第7話 初恋の人は既に亡くなっていた
まさかと思った。確かに初恋の人だった。でも可愛い留美と離れては他の男どもは、ほって置く訳がないと思い勝手に諦めていた。それに父が亡くなり故郷を偲ぶ余裕もなかった。いま留美の本当の心を聞いて新鮮なショックを受けた。
「せめて昔の恋人として、留美の為に線香でもあげてやれよ」
なんとその言葉が胸にグサッと刺さった。
「え! どう云うことだ!! まさか留美が死んだと言うのか?」
「ああ、知らなかったのか? 半年前にな。旦那も三年前に亡くなり今は娘が二人、雑貨屋の後を継いでいるよ。これがまた留美にそっくりの美人姉妹でなぁ」
「……そうか……そうだったのか」
私は二重のショックだった。初恋が実るのは難しいと云うけれど、せめて生きていて欲しかった。もちろん今更どうこう言える立場じゃないが、青春の日々を語り合いたかった。それだけで十分満足出来たものを、それが初恋の人はもうこの世にはいない。急に目頭が熱くなった。せっかくの同窓会を懐かしむよりも留美のことで頭がいっぱいになり、つい酔いつぶれてそのまま、この民宿に泊まった。

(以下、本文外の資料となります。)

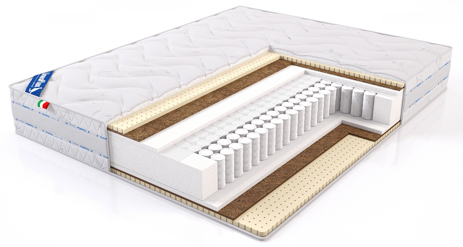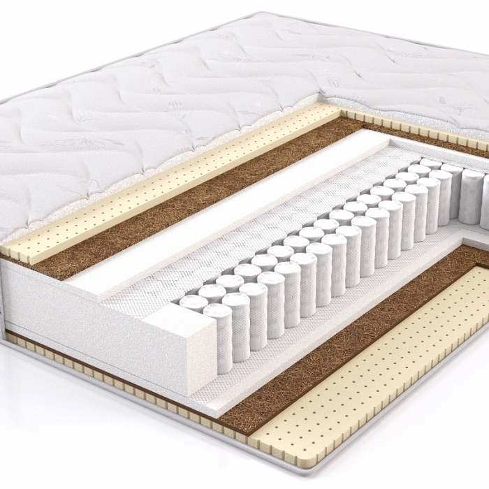 Наполнение: 2 см пена Ergoflex+1 см кокос+2 см латекс/блок независимых пружин/2 см пена Ergoflex+1 см кокос+2 см латекс.

私は翌日、同級生から聞いて留美の住んでいた雑貨屋を訪ねることにした。彼女の嫁ぎ先は駅から歩いて十五分程度の海添えにあった。
この場所は確か留美と何度も来た場所だ。あの大きな岩も変わっていない。海岸がよく見渡せる公園があった。そのベンチに座っていろんな事を語り合った。それが今、走馬灯のように蘇ってくる。留美が死んだ……当時木製だったベンチはプラスチック製に変わっているが、同じ場所にある。私はそこ座った。いつも留美は私の左側に座っていた。そして左を見る。いる筈もない留美に思わず語りかけた。留美……。
留美の返事の変わり、小波だけがザァー聞こえてくるだけ。
そこに暫く佇んでから気持ちの整理がついた処で、私は夕方に雑貨屋を訪ねると、留美の面影が残った娘が店先に出て来た。細身の体でスラリとした美形だ。当時の留美がそこにいるような感じだ。